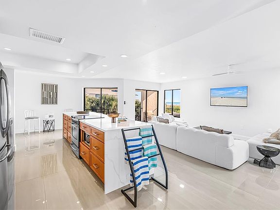 Welcome to 450 Beach Rd Unit 4, a rare opportunity to own a completely remodeled 2025 coastal retreat just steps from the sugar-sand shoreline of world-famous Siesta Key Beach. Located within an intimate five-unit complex, this 3 bedroom, 2 bathroom condominium offers deeded beach access, sweeping Gulf views, and weekly rental flexibility. The interior was fully renovated in 2025 and features a bright, open layout designed for effortless coastal living, complete with sleek tile flooring, marble countertops, stainless steel appliances, and a seamless flow between the kitchen and living areas. Gulf views can be enjoyed from the kitchen, while the private balcony provides the perfect setting for morning coffee or sunset unwinding. Additional conveniences include one open parking space plus an enclosed one-car garage. Recent exterior improvements to the building and grounds include fresh paint, modern balcony railings, Italian terrazzo tile, contemporary privacy fencing, and luxury outdoor lighting, enhancing the curb appeal of this boutique property. Residents and guests enjoy a well-maintained shared pool and an entertainment area with a grill, ping pong table, and cornhole. Just a short stroll to Siesta Key Village, this property offers immediate access to dining, shopping, and nightlife while maintaining a private, resort-style atmosphere. Ideal as a full-time residence, second home, or high-performing investment, this property blends location, luxury, and income potential.
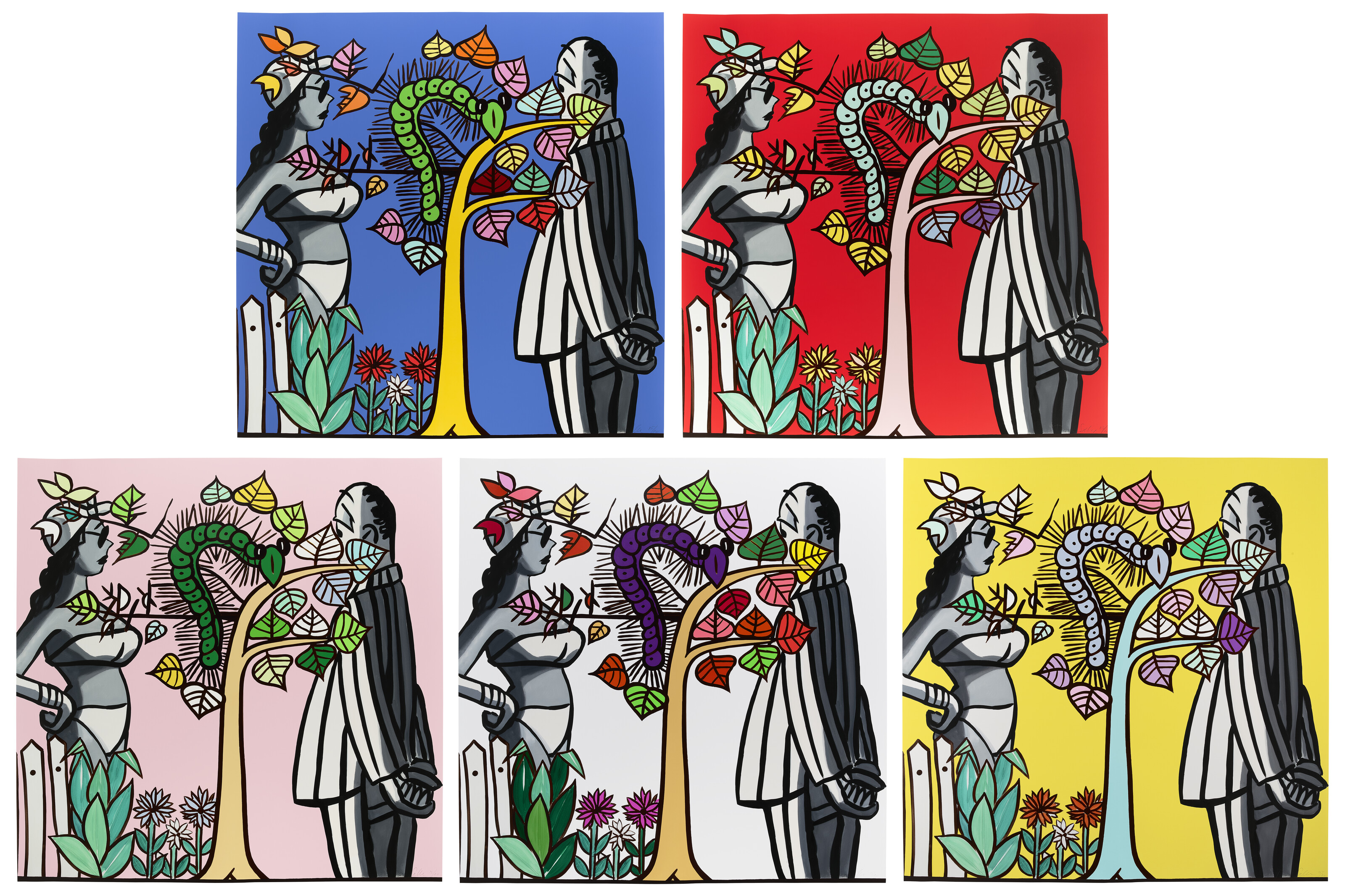 the complete set of five archival pigment prints in colors with varnish, on Innova Etching Cotton Rag paper
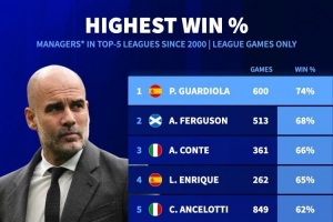 本世纪教练五大联赛胜率榜:瓜帅74%居首,弗格森、孔蒂二三位
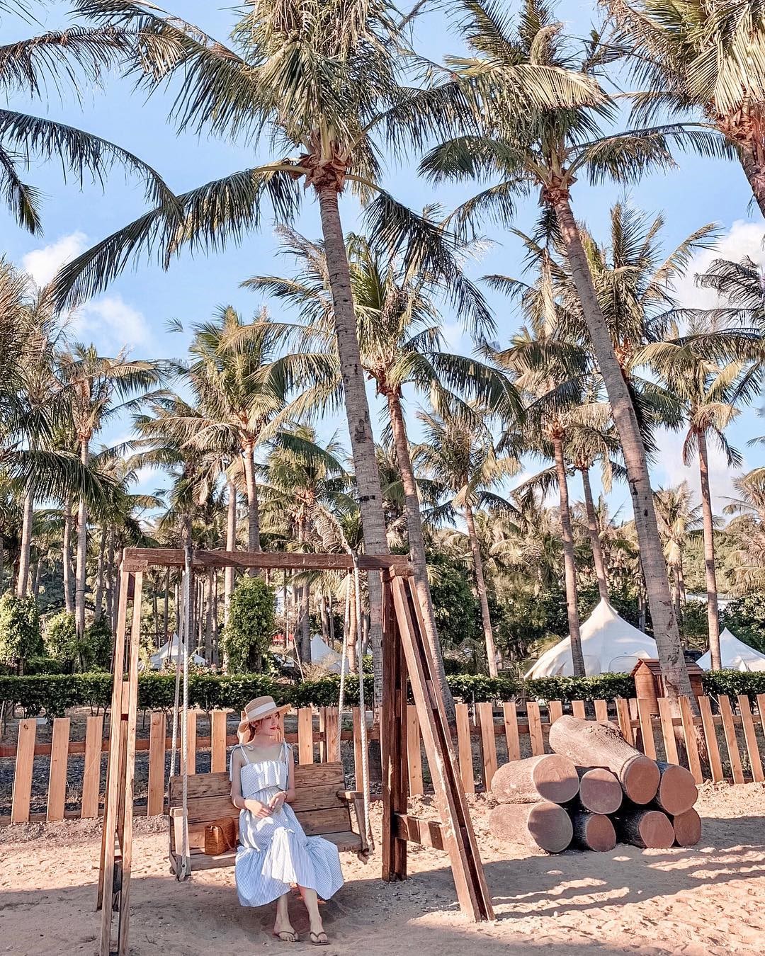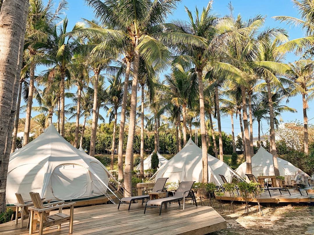 ▲在密佈的綠色椰子樹下露營,有種置身在異國渡假的味道

○ ○ ○

Task goal: From start to finish, output the listing exactly, but omit its pictures.

Written reply:
 Welcome to 450 Beach Rd Unit 4, a rare opportunity to own a completely remodeled 2025 coastal retreat just steps from the sugar-sand shoreline of world-famous Siesta Key Beach. Located within an intimate five-unit complex, this 3 bedroom, 2 bathroom condominium offers deeded beach access, sweeping Gulf views, and weekly rental flexibility. The interior was fully renovated in 2025 and features a bright, open layout designed for effortless coastal living, complete with sleek tile flooring, marble countertops, stainless steel appliances, and a seamless flow between the kitchen and living areas. Gulf views can be enjoyed from the kitchen, while the private balcony provides the perfect setting for morning coffee or sunset unwinding. Additional conveniences include one open parking space plus an enclosed one-car garage. Recent exterior improvements to the building and grounds include fresh paint, modern balcony railings, Italian terrazzo tile, contemporary privacy fencing, and luxury outdoor lighting, enhancing the curb appeal of this boutique property. Residents and guests enjoy a well-maintained shared pool and an entertainment area with a grill, ping pong table, and cornhole. Just a short stroll to Siesta Key Village, this property offers immediate access to dining, shopping, and nightlife while maintaining a private, resort-style atmosphere. Ideal as a full-time residence, second home, or high-performing investment, this property blends location, luxury, and income potential.
 the complete set of five archival pigment prints in colors with varnish, on Innova Etching Cotton Rag paper
 本世纪教练五大联赛胜率榜:瓜帅74%居首,弗格森、孔蒂二三位
 ▲在密佈的綠色椰子樹下露營,有種置身在異國渡假的味道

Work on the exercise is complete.